Guo HJ. Adult presentation of Shwachman-Diamond syndrome complicated by liver cirrhosis and pancreatic fat infiltration: A case report. World J Hepatol 2025; 17(6): 108558 [DOI: 10.4254/wjh.v17.i6.108558]
This article is an open-access article which was selected by an in-house editor and fully peer-reviewed by external reviewers. It is distributed in accordance with the Creative Commons Attribution Non Commercial (CC BY-NC 4.0) license, which permits others to distribute, remix, adapt, build upon this work non-commercially, and license their derivative works on different terms, provided the original work is properly cited and the use is non-commercial. See: http://creativecommons.org/licenses/by-nc/4.0/
World J Hepatol.

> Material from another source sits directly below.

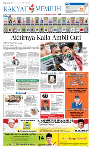 Akhirnya Kalla Ambil Cuti ■ Erman Tolak Kampanye JAKARTA, BPOST - Tiga menteri resmi mengajukan cuti untuk kampanye. Tapi tidak bagi Menteri Tenaga Kerja dan Transmigrasi, Erman Suparno. Meski tercatat sebagai Bendahara DPP PKB, Erman menolak mengampanyekan partainya. “Saya nggak maju sebagai nyaleg, jadi nggak kampanye,” ujar Erman di Kantor Presiden, Jakarta, Jumat (6/3). Selain karena tidak menjadi caleg, Erman memilih tidak kampanye juga karena takut nanti bingung sendiri soal PKB mana yang akan dibelanya. Maklum saat ini PKB terbelah dalam dua kubu, Gus Dur dan Muhaimin Iskandar. “Iya. Daripada bingung lebih baik tidak,” jawab pria yang dikenal dekat dengan Muhaimin ini, seraya tertawa. Selain tiga menteri, ternyata Ketua Umum Partai Golkar yang juga Wakil Presiden Jusuf Kalla mengaku sudah mengajukan cuti untuk berkampanye. Namun, dia tidak merinci kapan cutinya dan di mana akan melakukan kampanye. “Itu rahasia, masa cuti diberi tahu, nantilah,” jawab Kalla saat didesak kapan dan di mana kampanyenya saat dia cuti, Jumat (6/3) di Istana Wapres. Menurut Kalla, cuti kampanye bagi pejabat negara sudah ada aturannya, dia tinggal mengikuti saja aturan

Jun 27, 2025; 17(6): 108558 Published online Jun 27, 2025. doi: 10.4254/wjh.v17.i6.108558
Adult presentation of Shwachman-Diamond syndrome complicated by liver cirrhosis and pancreatic fat infiltration: A case report
Hai-Jun Guo
Hai-Jun Guo, Department of Hepatic, Xingtai People's Hospital, Xingtai 054001, Hebei Province, China
Author contributions: Guo HJ contributed to manuscript writing and editing, data collection, read and approved the final version of the manuscript to be published.

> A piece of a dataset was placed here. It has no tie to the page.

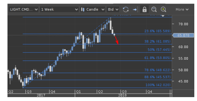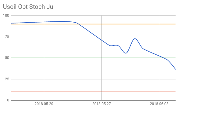 Vamos começar pelos mercados de commodities, principalmente com o petróleo bruto. Aqui nós testemunhamos uma reversão rápida. Abaixo está o gráfico dos futuros do WTI com entrega em julho.

Informed consent statement: Informed consent was obtained from the patient for the publication of this case report and the accompanying images. All data were anonymized to ensure the protection of patient privacy.

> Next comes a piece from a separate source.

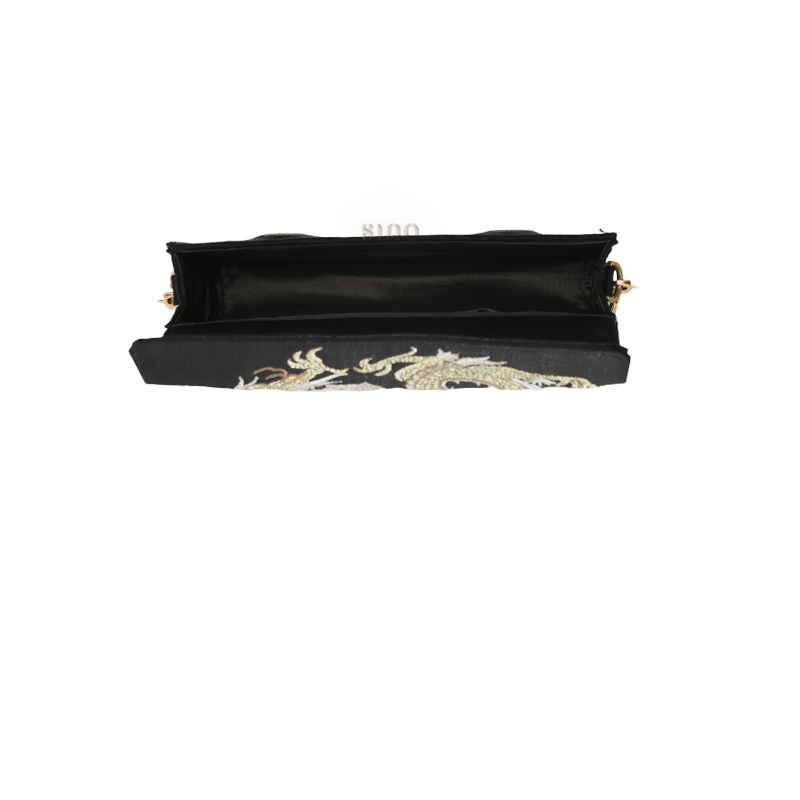 Ultra-Light Loong Silk Embroidery Black Evening Bag Recycled Fabric 154g

Conflict-of-interest statement: All authors declare no conflicts of interest related to this work.
CARE Checklist (2016) statement: The authors have read the CARE Checklist (2016), and the manuscript was prepared and revised according to the CARE Checklist (2016).
Open Access: This article is an open-access article that was selected by an in-house editor and fully peer-reviewed by external reviewers. It is distributed in accordance with the Creative Commons Attribution NonCommercial (CC BY-NC 4.0) license, which permits others to distribute, remix, adapt, build upon this work non-commercially, and license their derivative works on different terms, provided the original work is properly cited and the use is non-commercial. See: https://creativecommons.org/Licenses/by-nc/4.0/
Received: April 17, 2025 Revised: May 13, 2025 Accepted: May 29, 2025 Published online: June 27, 2025 Processing time: 69 Days and 4.2 Hours
Abstract
BACKGROUND
Shwachman-Diamond syndrome (SDS) is a rare genetic disorder that affects multiple organs, primarily the liver. Most patients are diagnosed during infancy or early childhood. As they grow older, the majority of affected children may experience spontaneous remission, and cases of cirrhosis in adults are rarely reported.
CASE SUMMARY
A 36-year-old male patient presented with massive ascites. Laboratory tests revealed pancytopenia and a serum-ascites albumin gradient greater than 1.1 g/dL. An abdominal computed tomography scan demonstrated cirrhosis, splenomegaly, pancreatic fat infiltration, and a substantial accumulation of peritoneal fluid. Gastroscopy identified esophageal varices. Liver stiffness measurement indicated a value of 32.7 kPa. Based on the results of auxiliary examinations, common causes of cirrhosis were excluded, and a mutation in the Shwachman-Bodian-Diamond syndrome gene was ultimately identified through whole-exome sequencing. The patient was diagnosed with cirrhosis secondary to SDS. Following the correction of hypoalbuminemia and administration of diuretics, the patient's ascites resolved.
CONCLUSION
Patients with liver cirrhosis who also exhibit pancreatic fat infiltration and pancytopenia necessitate further exon testing to exclude the possibility of SDS.
Core Tip: Shwachman-Diamond syndrome (SDS) frequently results in abnormal liver function and hepatomegaly during infancy and early childhood. However, adult liver pathologies caused by SDS are rare. We present a unique case of a 36-year-old patient diagnosed with SDS through whole-exome sequencing, highlighting the possibility of SDS in cases of unexplained cirrhosis and pancreatic fat infiltration.